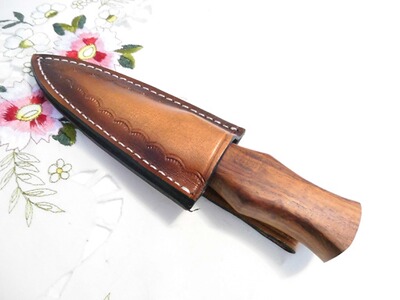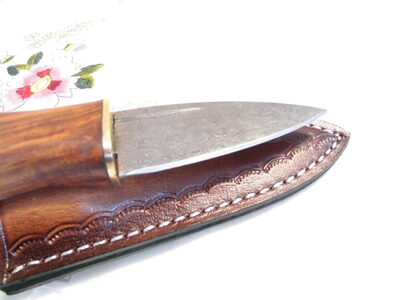 HOCHWERTIGER ROSENHOLZ-GRIFF: Ergonomisch geformter Griff aus edlem Rosenholz mit natürlicher Maserung bietet einen komfortablen und sicheren Halt bei allen Outdoor- und EDC-Anwendungen KOMPAKTE ABMESSUNGEN: Gesamtlänge von ca. 19,7 cm, Klingenlänge von ca. 8,9 cm und Grifflänge von ca. 10,2 cm machen dieses Messer zum idealen Begleiter für Jagd, Camping und den täglichen Gebrauch HANDGEFERTIGTE LEDERSCHEIDE: Inklusive hochwertiger, handgefertigter Lederscheide mit dekorativer Prägung für sicheren Transport und Schutz der Klinge am Gürtel KELTISCHES DESIGN: Traditionelles Jagdmesser mit keltisch inspirierter Formgebung, komplett handgefertigt und ein einzigartiges Unikat für Sammler und Outdoor-Enthusiasten
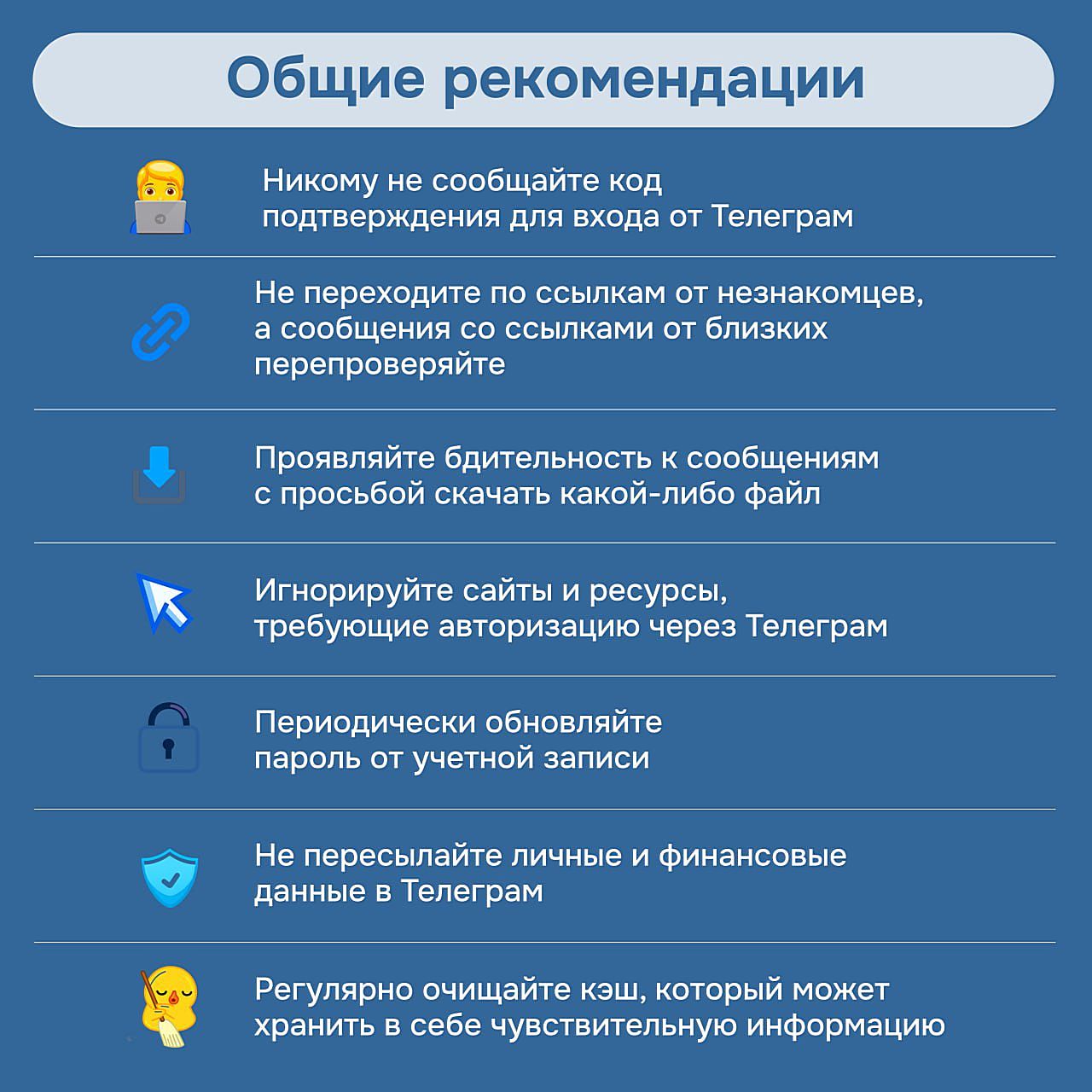 Мессенджер Telegram — один из самых популярных в России. С его помощью мы не только общаемся с близкими, но и обмениваемся фото и видео, узнаем свежие новости. Безопасность аккаунта Telegram очень важна. Обычно Telegram взламывают с целью шантажа личной информацией. Чтобы злоумышленники заинтересовались вашей учетной записью, не обязательно даже быть знаменитостью или миллионером — мишенью может оказаться каждый. Предлагаем перепроверить, достаточно ли защищен ваш аккаунт в этом мессенджере. Оптимальные настройки в карточках, подготовленных каналом «Вестник Киберполиции России» совместно с Банком России. Использован материал телеграм-канала «Вестник Киберполиции России». Подпишитесь на канал по ссылке https://t.me/cyberpolice_rus |
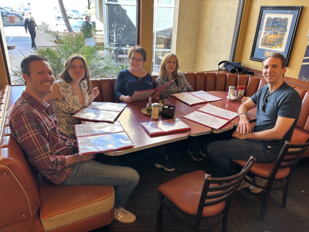 I met Owen in December, 2024, in Los Angeles at a Transcendental Meditation (TM) group meditation. Because of teacher Denny Goodman, the West L.A. TM centre may be one of the few worldwide which holds daily group meditations, and when we were spending our winters in California Barb and I seldom missed attending. But it was in January that I really started to get to know Owen. During the massive fires, Barb and I, along with a few other friends, volunteered at the Pasadena Community Job Centre which had been turned into a donation and distribution centre for water, food and clothing. Owen and his girlfriend Alexis were to join us on Martin Luther King Day but, given the holiday, we found that there were far more volunteers than jobs. Since we were already in the Valley, Owen came up with the terrific idea of attending an impromptu memorial for the recently deceased David Lynch which had emerged in Burbank at the Bob’s Big Boy. If you don’t understand why that location click here. We enjoyed the outdoor memorial, chatting up dozens of Lynch fans, before finally being seated inside to savour our own chocolate milkshakes. Owen explained to me his love of Lynch and how it was through the filmmaker that he made his way to TM. He and I have been good friends ever since.
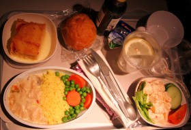 Kuřecí podávané okolo 22 hodiny na 11 hodinovém letu BA54 Johannesburg - Londýn, druhou možností bylo hovězí stroganov. K snídani výběr omeleta vs. "english breakfast".
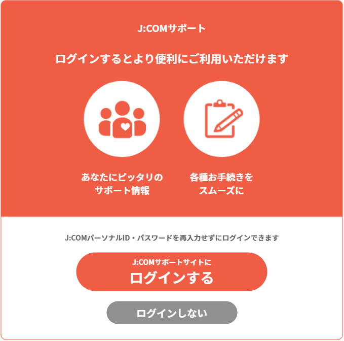 ・TV、NETサービスの設置機器にあわせたサポート情報をお届け ・マイページへもスムーズにアクセスが可能 ・今、注目されている「よくあるご質問」をランキングでご紹介 ※ ログインしなくても、これまでどおりサポートサイトをご利用いただけます
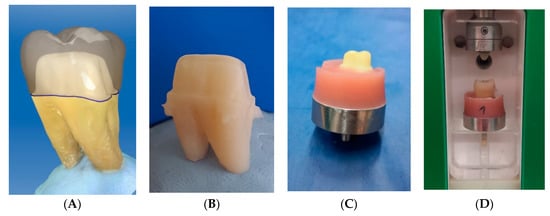 Sixteen non-carious and non-cracked mandibular molars were selected from a collection of extracted teeth of the University of Zurich (Zurich, Switzerland) and stored in 0.1% thymol solution (Sigma-Aldrich Chemie GmbH, Buchs, Switzerland) []. The patients had given informed consent for the anonymized use of their teeth and no approval from the local ethical committee (Kantonale Ethikkommission, Zurich, Switzerland) was required. The mandibular molars were mechanically cleaned of periodontal ligament remains and calculus using a scaler, and then polished with pumice stone and water using an occlubrush (KerrHawe SA, Bioggio, Switzerland). Afterwards, they were scanned with the Cerec Omnicam (Dentsply Sirona, York, PA, USA). These scan data were used to record the original tooth morphology for the design and fabrication of the crowns by applying the CAD mode “biocopy” (CEREC software SW 4.6 beta 2; Dentsply Sirona, York, PA, USA). After scanning, the mandibular molars were prepared for crowns following the guidelines for all-ceramic preparation: shoulder finishing line, total occlusal convergence of 10–20 degrees, occlusal reduction of at least 1 mm, radial reduction of at least 0.8 mm and minimal occlusocervical dimension of 4 mm []. The preparations were scanned again with the Cerec Omnicam (Dentsply Sirona, York, PA, USA) and the crowns were designed using the “biocopy” function (Figure 1A). To check the dimensions of the preparations, the parameters “minimal thickness (radial)” and “minimal thickness (occlusal)” were adjusted (radial: 800 μm; occlusal: 1000 μm). Other than that, standard design parameters for single crowns recommended by the manufacturer were used.
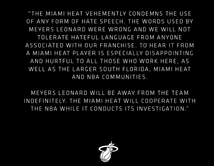 此前,莱昂纳德在自己玩游戏直播的过程中,使用了一些不好的词汇来辱骂别的玩家,这遭到了猛烈的批评。莱昂纳德随后公开致歉,并且表示自己不知道这些词汇的含义。不过很快,游戏赞助商ORIGIN PC取消对莱昂纳德的赞助。而NBA也宣布介入调查,热火方面也将他无限期停赛。值得一提的是,热火老板阿里森就是犹太人。
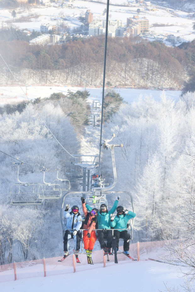![]() 휘닉스파크 리프트에 탑승한 스키어들. |
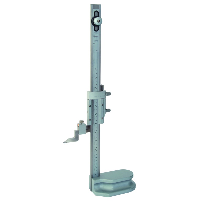 A Mitutoyo vernier height gauge with a dual unit, adjustable main scale. Stainless steel construction with easy-to-read, satin-chromed scales.
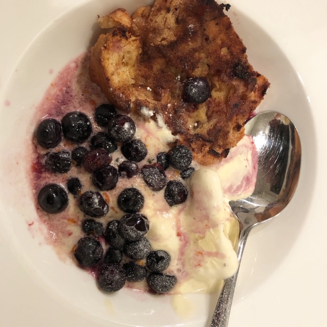 Giet de warme blauwe bessen erover en bestrooi het gerecht rijkelijk met poedersuiker.
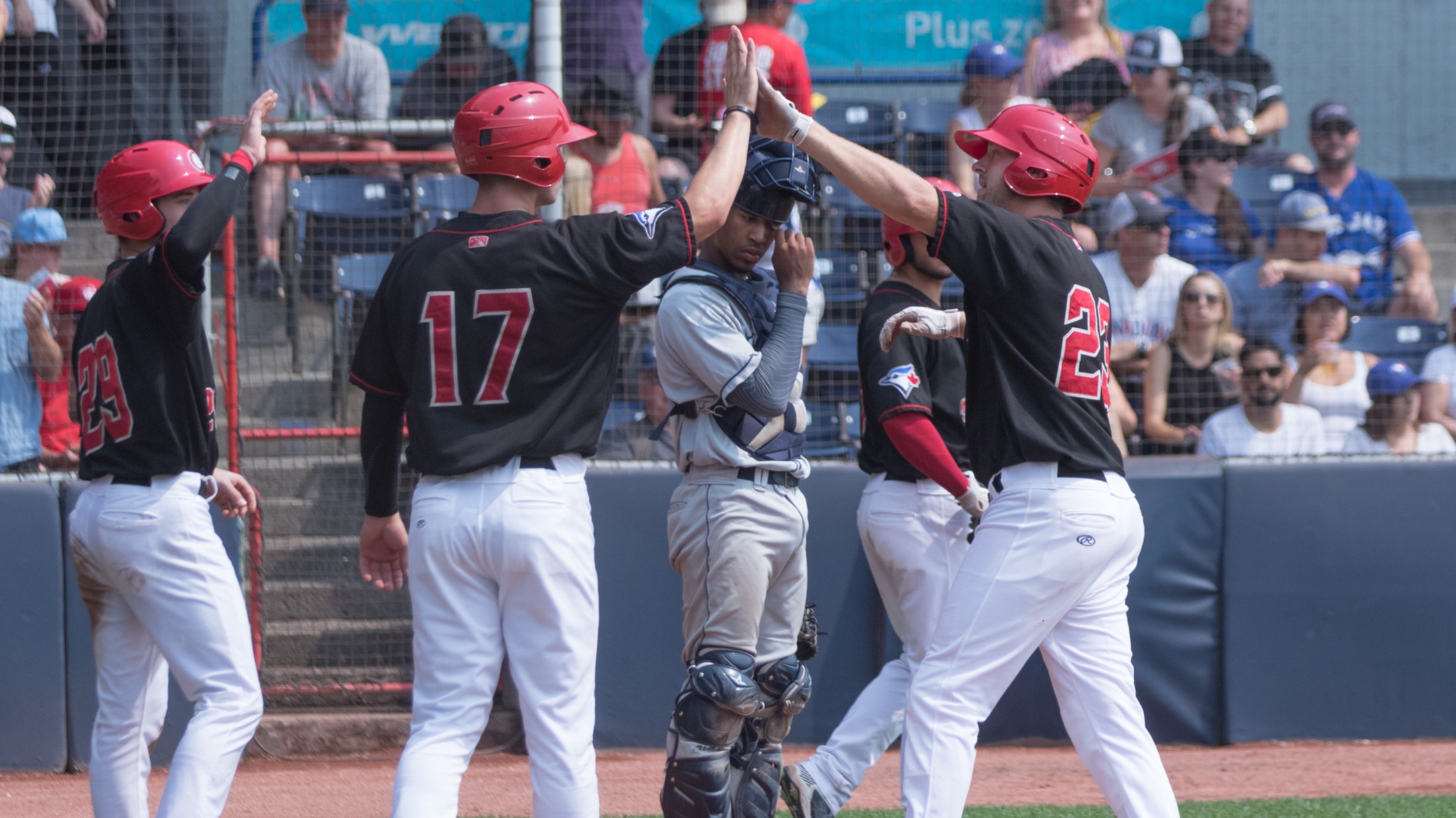 The ten-run frame, which put the game out of reach within minutes saw eight hits, a pair of walks and a hit batter allowing the Canadians to score a season-high for runs in a single inning. David Jacob slammed his 4th home run of the season scoring both

------------------------------------

#### [Work item]
Nothing outside the stretch above, from the line with "Sixteen non-carious and" through the line with "탑승한 스키어들. |", is set down. Transcribe that stretch exactly, ends included, but not its pictures.

#### [Answer to this exercise]
 Sixteen non-carious and non-cracked mandibular molars were selected from a collection of extracted teeth of the University of Zurich (Zurich, Switzerland) and stored in 0.1% thymol solution (Sigma-Aldrich Chemie GmbH, Buchs, Switzerland) []. The patients had given informed consent for the anonymized use of their teeth and no approval from the local ethical committee (Kantonale Ethikkommission, Zurich, Switzerland) was required. The mandibular molars were mechanically cleaned of periodontal ligament remains and calculus using a scaler, and then polished with pumice stone and water using an occlubrush (KerrHawe SA, Bioggio, Switzerland). Afterwards, they were scanned with the Cerec Omnicam (Dentsply Sirona, York, PA, USA). These scan data were used to record the original tooth morphology for the design and fabrication of the crowns by applying the CAD mode “biocopy” (CEREC software SW 4.6 beta 2; Dentsply Sirona, York, PA, USA). After scanning, the mandibular molars were prepared for crowns following the guidelines for all-ceramic preparation: shoulder finishing line, total occlusal convergence of 10–20 degrees, occlusal reduction of at least 1 mm, radial reduction of at least 0.8 mm and minimal occlusocervical dimension of 4 mm []. The preparations were scanned again with the Cerec Omnicam (Dentsply Sirona, York, PA, USA) and the crowns were designed using the “biocopy” function (Figure 1A). To check the dimensions of the preparations, the parameters “minimal thickness (radial)” and “minimal thickness (occlusal)” were adjusted (radial: 800 μm; occlusal: 1000 μm). Other than that, standard design parameters for single crowns recommended by the manufacturer were used.
 此前,莱昂纳德在自己玩游戏直播的过程中,使用了一些不好的词汇来辱骂别的玩家,这遭到了猛烈的批评。莱昂纳德随后公开致歉,并且表示自己不知道这些词汇的含义。不过很快,游戏赞助商ORIGIN PC取消对莱昂纳德的赞助。而NBA也宣布介入调查,热火方面也将他无限期停赛。值得一提的是,热火老板阿里森就是犹太人。
![]() 휘닉스파크 리프트에 탑승한 스키어들. |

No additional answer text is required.